I think back to the early morning cocktail she had. “That’s a shame. So you…you don’t love her anymore?”
“God, no! I never did. I tried. I thought we could both be
different people, but we just weren’t. I’ll never be one of them. She’ll never be anything but one of them.”
I have to admit that it makes me very uncomfortable to learn of this. I really wish he hadn’t told me, honestly. But considering what all he has to forgive me for, it’d be the epitome of hypocrisy for me to balk over this.
But it still stings.
“If she hadn’t married Taylor, you don’t think you’d have gotten back together?”
“No. I was done. My heart was never in it. I know it’s a dick thing to do—dating someone you know you’ll never be able to love the way they need—but I was good to her. She just wasn’t for me. Plain and simple.”
“Why’s that?”
He pauses to look over at me. “She just wasn’t you.”
God, I hate how happy it makes me to hear that. I try to keep the joy out of my voice when I mutter a soft, “Oh.”
“I was never as interested in her as I was you. I think…I think I dated her partly to get back at you, because I knew how much you’d hate it. I’m still pissed at myself for that, too.”
“We’ve all done things we aren’t proud of.” I win the gold medal in that event.
“I just hate it for her that she ended up with Taylor. He cheats on her with anything in a skirt. He’s the same asshole he was in school.”
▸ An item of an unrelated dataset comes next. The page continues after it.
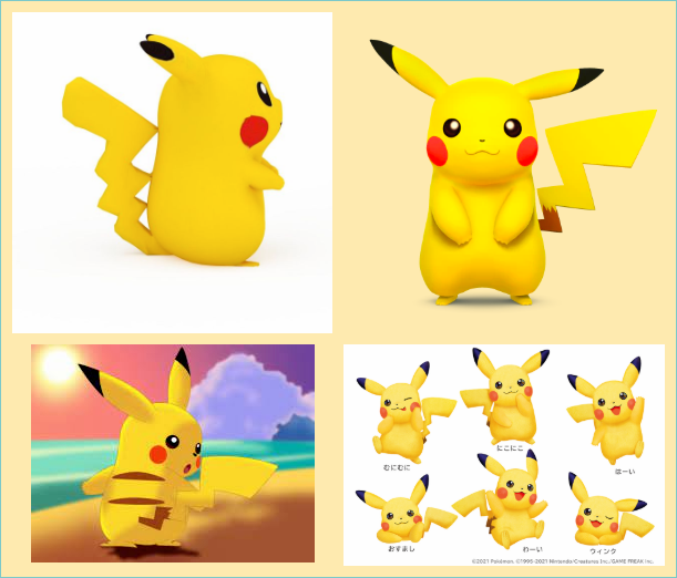 多角度的图片素材有助于我们进一步理解造型,通过观察可以看出,皮卡丘形象的身体是圆柱体,胳膊和脚的部分是小圆柱体,尾巴为有厚度的片状。对皮卡丘角色图片的造型分析为下一步制作奠定了基础。

I feel my lip curl. “Sounds like it.”
After a couple of minutes, Dane laughs. “He’s lucky I didn’t drive to his house and beat his ass that night I picked you up.”
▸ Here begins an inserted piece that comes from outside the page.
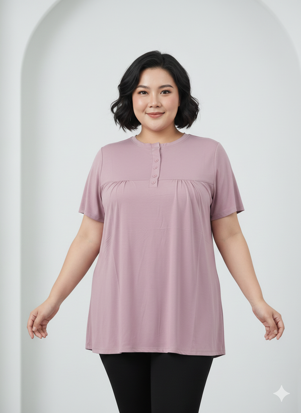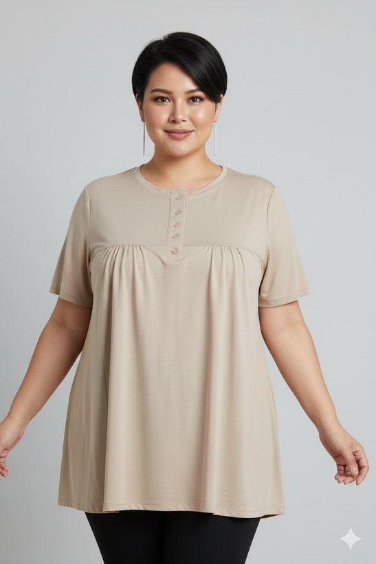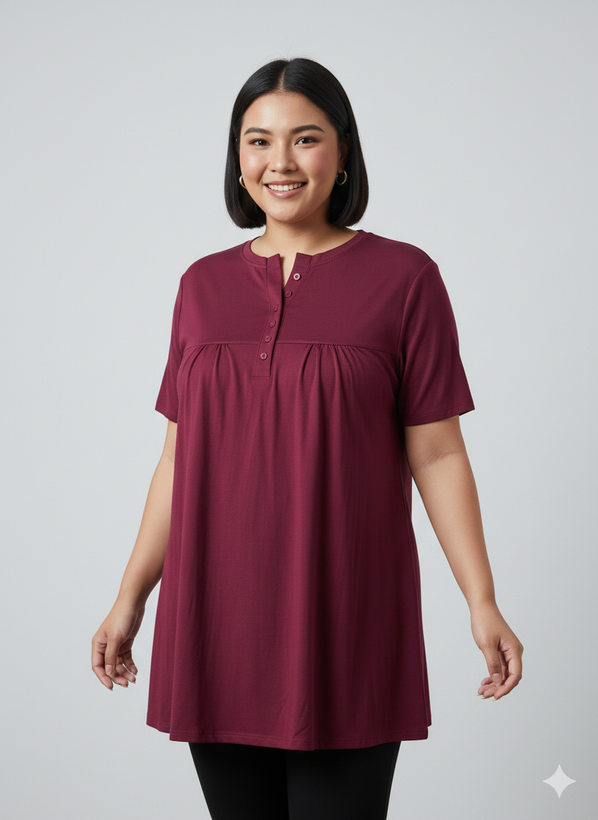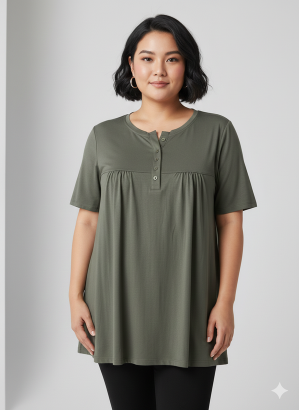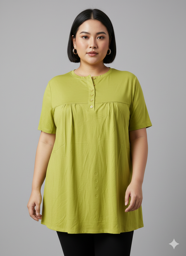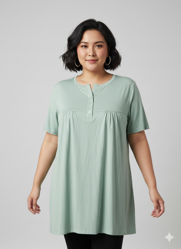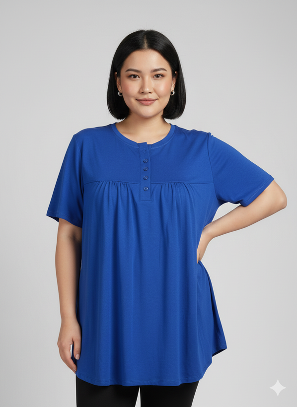 مدل: تیشرت چین دار دکمه دار جنس:ویسکوز💯تیپ عالی دووَر کِش قد تیشرت:75 سایز:فری سایز (مناسب سایز 44تا54)

I smile just thinking about how wonderful it felt that Dane wanted to protect me. “It only would’ve made things worse for you, but part of me would’ve loved to have seen you do it.”
“I wouldn’t have cared. I’d have done anything for you.”
Dane watches me with dark eyes and a serious expression. The way he’s staring at me… Air stops flowing into my lungs. My voice is breathless when I admit, “I know. Because I’d have done anything for you, too.”
And I would have.
Anything.
In fact, I left in the wee hours of the morning, moved away all by myself, and birthed and raised a child on my own just to save him.